Skip the pictures. Transcribe the rest of the data below without changing a word.

§ Given data

▬▬▬▬▬▬▬▬▬▬

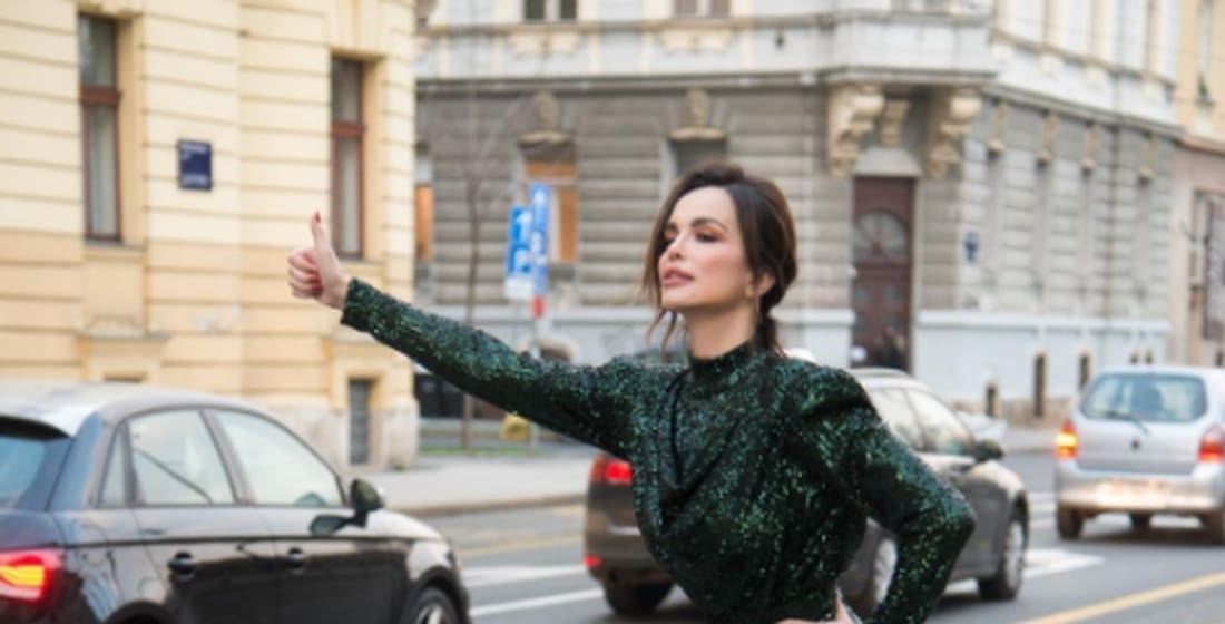 Popularna Seve u samom centru Zagreba pozira u šljaštećoj haljini zelene boje. Uz stihove svoje pjesme "Paloma nera" je još jednom ostavila bez riječi sve svoje obožavatelje koji su je 'zasuli' komplimentima.
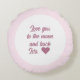 Mother's day round pillow with a purple flower wreath, pink and white. Easily personalise the text on both sides or leave some of it blank. - Kate Eden Art
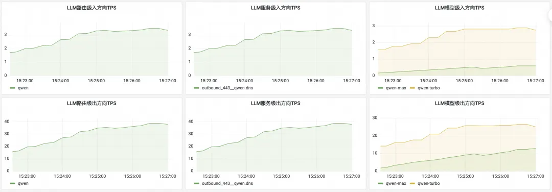 相比于传统微服务,LLM 应用中主要通过 token 来衡量流量大小,针对此特点,我们构建了路由级、服务级、模型级的 token 用量观测能力,包括日志、监控以及告警,AI统计插件提供了构建AI可观测系统的基础能力。

▬▬▬▬▬▬▬▬▬▬

§ Response to the exercise
 Popularna Seve u samom centru Zagreba pozira u šljaštećoj haljini zelene boje. Uz stihove svoje pjesme "Paloma nera" je još jednom ostavila bez riječi sve svoje obožavatelje koji su je 'zasuli' komplimentima.
 Mother's day round pillow with a purple flower wreath, pink and white. Easily personalise the text on both sides or leave some of it blank. - Kate Eden Art
 相比于传统微服务,LLM 应用中主要通过 token 来衡量流量大小,针对此特点,我们构建了路由级、服务级、模型级的 token 用量观测能力,包括日志、监控以及告警,AI统计插件提供了构建AI可观测系统的基础能力。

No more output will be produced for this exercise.